_Data provided_:
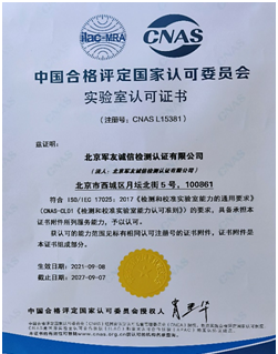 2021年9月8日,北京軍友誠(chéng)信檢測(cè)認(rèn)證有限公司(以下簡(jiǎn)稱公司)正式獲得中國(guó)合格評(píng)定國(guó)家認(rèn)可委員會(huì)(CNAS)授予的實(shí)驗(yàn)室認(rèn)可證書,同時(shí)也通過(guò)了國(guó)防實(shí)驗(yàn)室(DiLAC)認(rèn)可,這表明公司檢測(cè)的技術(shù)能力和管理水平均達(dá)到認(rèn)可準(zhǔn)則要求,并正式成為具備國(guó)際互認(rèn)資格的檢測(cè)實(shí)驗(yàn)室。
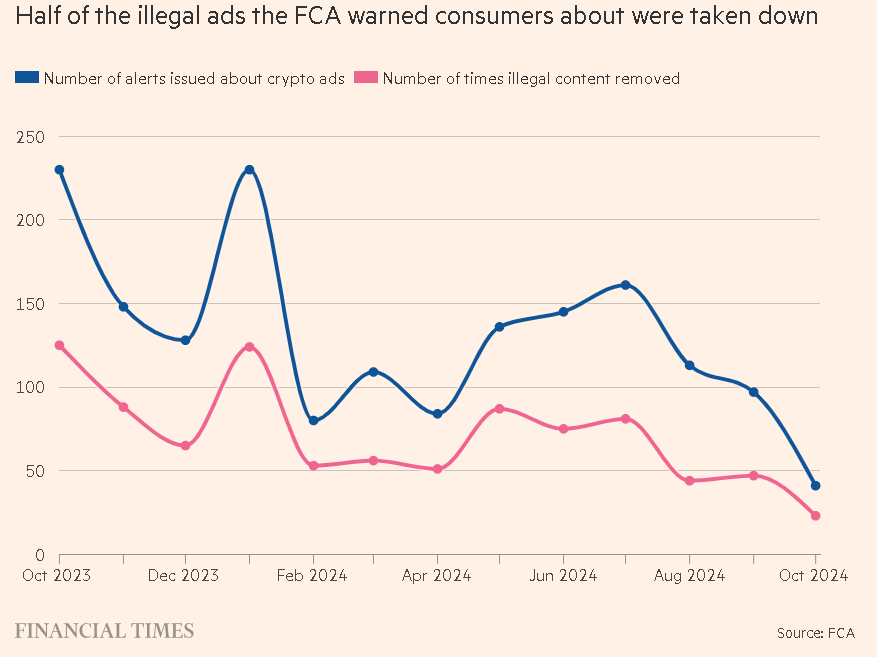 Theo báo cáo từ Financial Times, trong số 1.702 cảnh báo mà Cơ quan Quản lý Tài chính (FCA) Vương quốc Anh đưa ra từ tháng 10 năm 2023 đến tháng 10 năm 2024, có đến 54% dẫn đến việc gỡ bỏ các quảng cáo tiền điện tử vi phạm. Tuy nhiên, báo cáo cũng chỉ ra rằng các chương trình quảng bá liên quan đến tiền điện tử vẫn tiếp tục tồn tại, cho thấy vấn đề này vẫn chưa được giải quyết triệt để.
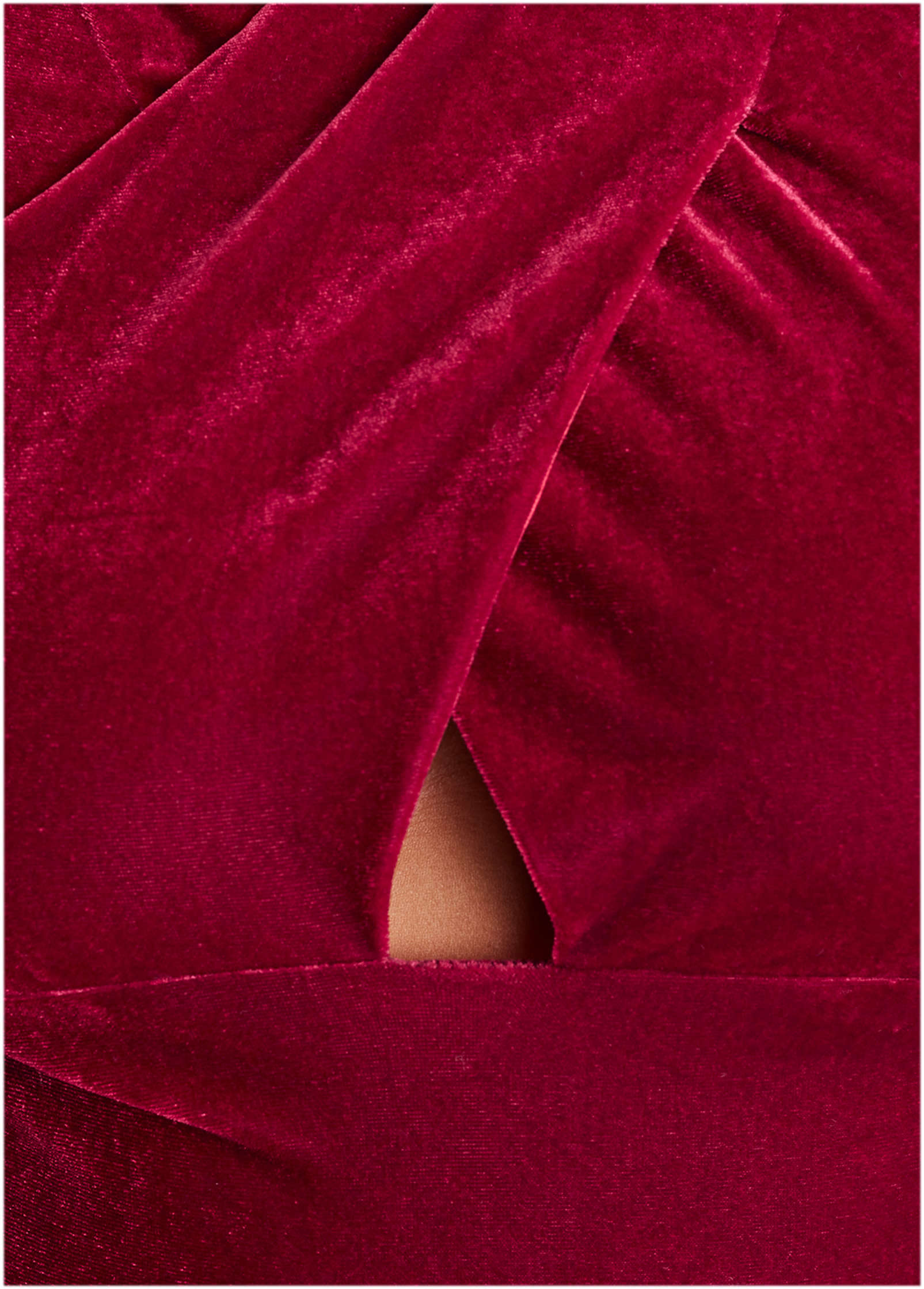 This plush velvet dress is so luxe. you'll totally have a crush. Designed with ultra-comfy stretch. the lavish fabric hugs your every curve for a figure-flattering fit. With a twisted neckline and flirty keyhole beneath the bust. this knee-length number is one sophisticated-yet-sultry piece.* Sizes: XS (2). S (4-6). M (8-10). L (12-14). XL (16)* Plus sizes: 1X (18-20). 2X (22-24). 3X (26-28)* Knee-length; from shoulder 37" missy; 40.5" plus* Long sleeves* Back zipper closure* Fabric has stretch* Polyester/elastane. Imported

_Task to complete_:
Retype the full listing above precisely. Exclude each picture you find in it.

_Expected output_:
 2021年9月8日,北京軍友誠(chéng)信檢測(cè)認(rèn)證有限公司(以下簡(jiǎn)稱公司)正式獲得中國(guó)合格評(píng)定國(guó)家認(rèn)可委員會(huì)(CNAS)授予的實(shí)驗(yàn)室認(rèn)可證書,同時(shí)也通過(guò)了國(guó)防實(shí)驗(yàn)室(DiLAC)認(rèn)可,這表明公司檢測(cè)的技術(shù)能力和管理水平均達(dá)到認(rèn)可準(zhǔn)則要求,并正式成為具備國(guó)際互認(rèn)資格的檢測(cè)實(shí)驗(yàn)室。
 Theo báo cáo từ Financial Times, trong số 1.702 cảnh báo mà Cơ quan Quản lý Tài chính (FCA) Vương quốc Anh đưa ra từ tháng 10 năm 2023 đến tháng 10 năm 2024, có đến 54% dẫn đến việc gỡ bỏ các quảng cáo tiền điện tử vi phạm. Tuy nhiên, báo cáo cũng chỉ ra rằng các chương trình quảng bá liên quan đến tiền điện tử vẫn tiếp tục tồn tại, cho thấy vấn đề này vẫn chưa được giải quyết triệt để.
 This plush velvet dress is so luxe. you'll totally have a crush. Designed with ultra-comfy stretch. the lavish fabric hugs your every curve for a figure-flattering fit. With a twisted neckline and flirty keyhole beneath the bust. this knee-length number is one sophisticated-yet-sultry piece.* Sizes: XS (2). S (4-6). M (8-10). L (12-14). XL (16)* Plus sizes: 1X (18-20). 2X (22-24). 3X (26-28)* Knee-length; from shoulder 37" missy; 40.5" plus* Long sleeves* Back zipper closure* Fabric has stretch* Polyester/elastane. Imported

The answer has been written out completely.